— Что это ты, Петръ, въ такой суетѣ? спрашиваю я.
— Да какъ же тутъ быть! восклицаетъ онъ, подымая руки: скоро ли до базара то дойдешь! да и какой теперь базаръ: я, чай, всѣ разошлись. А вѣдь нашъ-то прибѣжалъ въ кухню да и спрашиваетъ: „что у тебя готовится? Лопухинъ будетъ обѣдать“. Поваръ показалъ кастрюли. „Ракалья! закричали полковникъ: вали все въ лоханку! Чтобы сію минуту былъ новый обѣдъ!“ Вотъ и поди ты!
— Да ты, Петръ, вмѣсто того, чтобы тыкаться, скачи на базаръ на моихъ лошадяхъ и забирай, что нужно.
— Дай Богъ вамъ здоровья! воскликнулъ шаровидный Петръ и, вскочивъ въ шарабанъ, помчался во весь духъ.
Наконецъ отыскался и нашъ бригадный Петръ Павловичъ.
Впродолженіе жаркаго дня и онъ, подобно намъ, отсиживался на квартирѣ; зато вечеромъ мы нерѣдко съ нимъ встрѣчались и втроемъ съ Бюлеромъ совершали прогулки по пустыннымъ улицамъ Ново-Миргорода.

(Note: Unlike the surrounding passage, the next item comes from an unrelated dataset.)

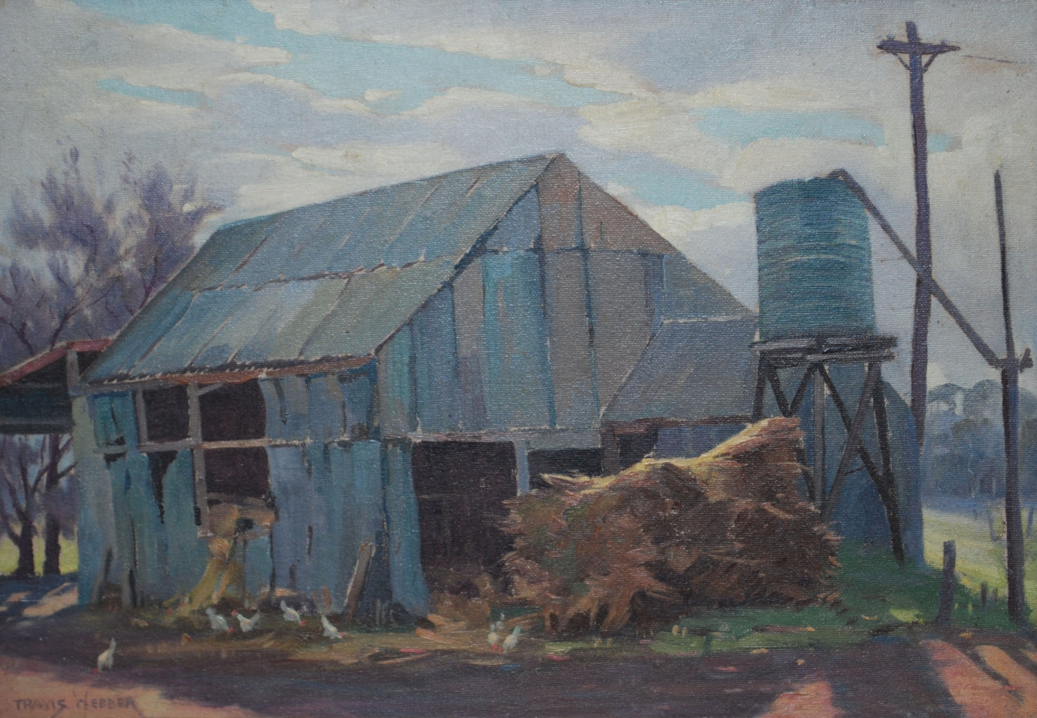 TRAVIS WEBBER (1900-1968), SHED WITH CHICKENS, OIL ON CANVASBOARD, 31 X 46CM

Однажны, когда мы шли, направляясь къ главной улицѣ, я замѣтилъ невиданное въ Ново-Миргородѣ явленіе: навстрѣчу къ намъ шелъ по тротуару ливрейный слуга и подойдя обратился ко мнѣ со словами: — „Елиз. Ѳед. Петковичъ остановились въ гостинницѣ проѣздомъ на богомолье, и просятъ васъ пожаловать къ нимъ, такъ какъ завтра рано утромъ уѣзжаютъ“.
Слуга исчезъ, а мы продолжали подходить къ единственной небольшой гостинницѣ.

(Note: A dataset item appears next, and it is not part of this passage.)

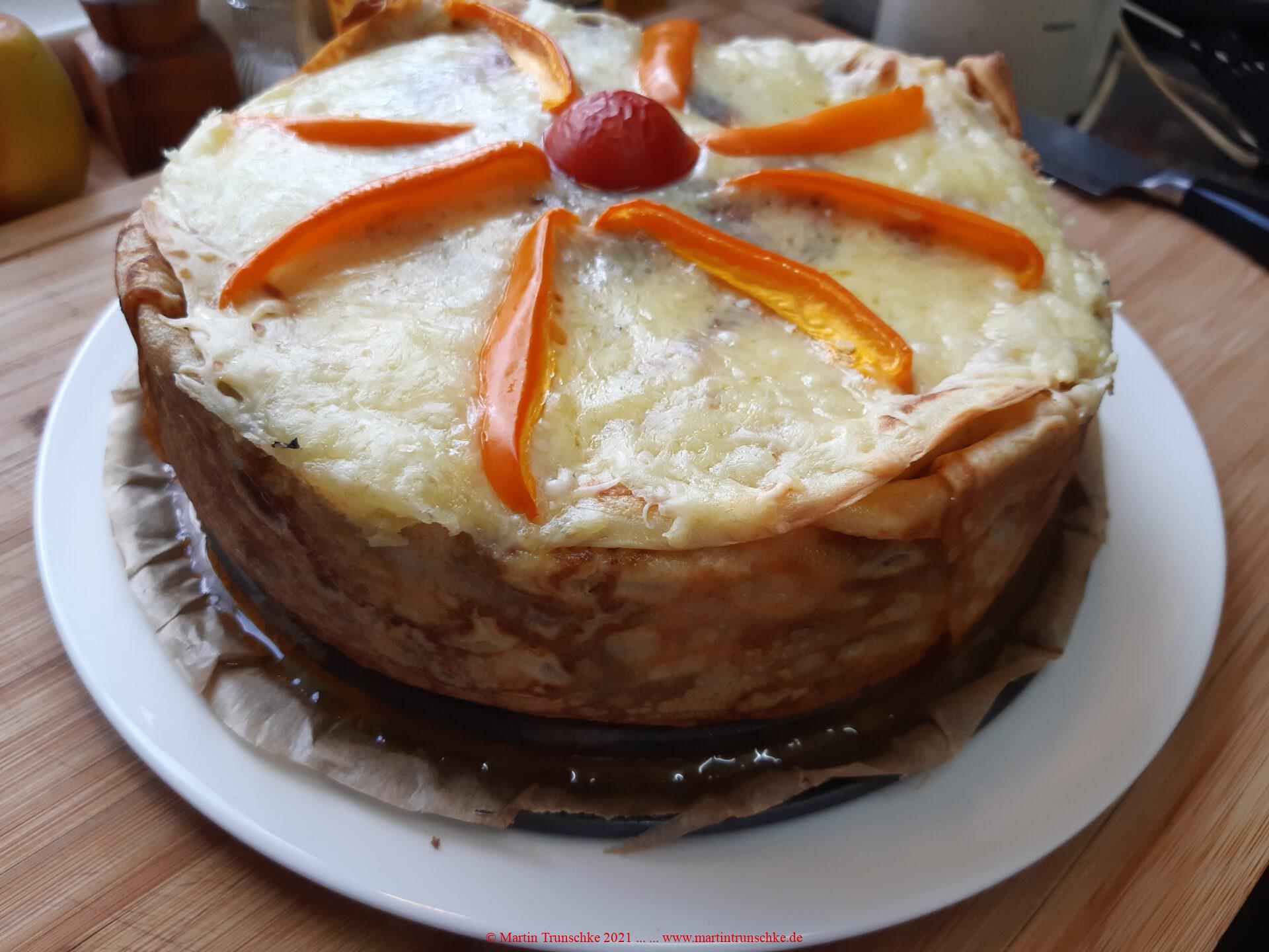 - Eine 26er Springform einfetten, Dann 4 Pfannkuchen über den Rand legen und einen als Boden.

— Какъ? что? восклицалъ Пущинъ: это онъ идетъ къ Бржесской, и я пойду.
Слава о красотѣ Бржесской очевидно дошла и до генерала. Но какая въ его изображеніи возникла связь между ея красотой и мной, объяснить не берусь. Представленіе это возбуждало въ немъ явную игривость. Напрасно повторялъ я, что это не Бржесская, онъ продолжалъ восклицать: „Бржесская! Карлъ Ѳед., пойдемте за нимъ!“ приводя меня этими словами въ немалое смущеніе.
Когда я сталъ входить по деревяннымъ ступенямъ крыльца гостинницы, генералъ, какъ я втайнѣ предчувствовалъ, отсталъ отъ меня.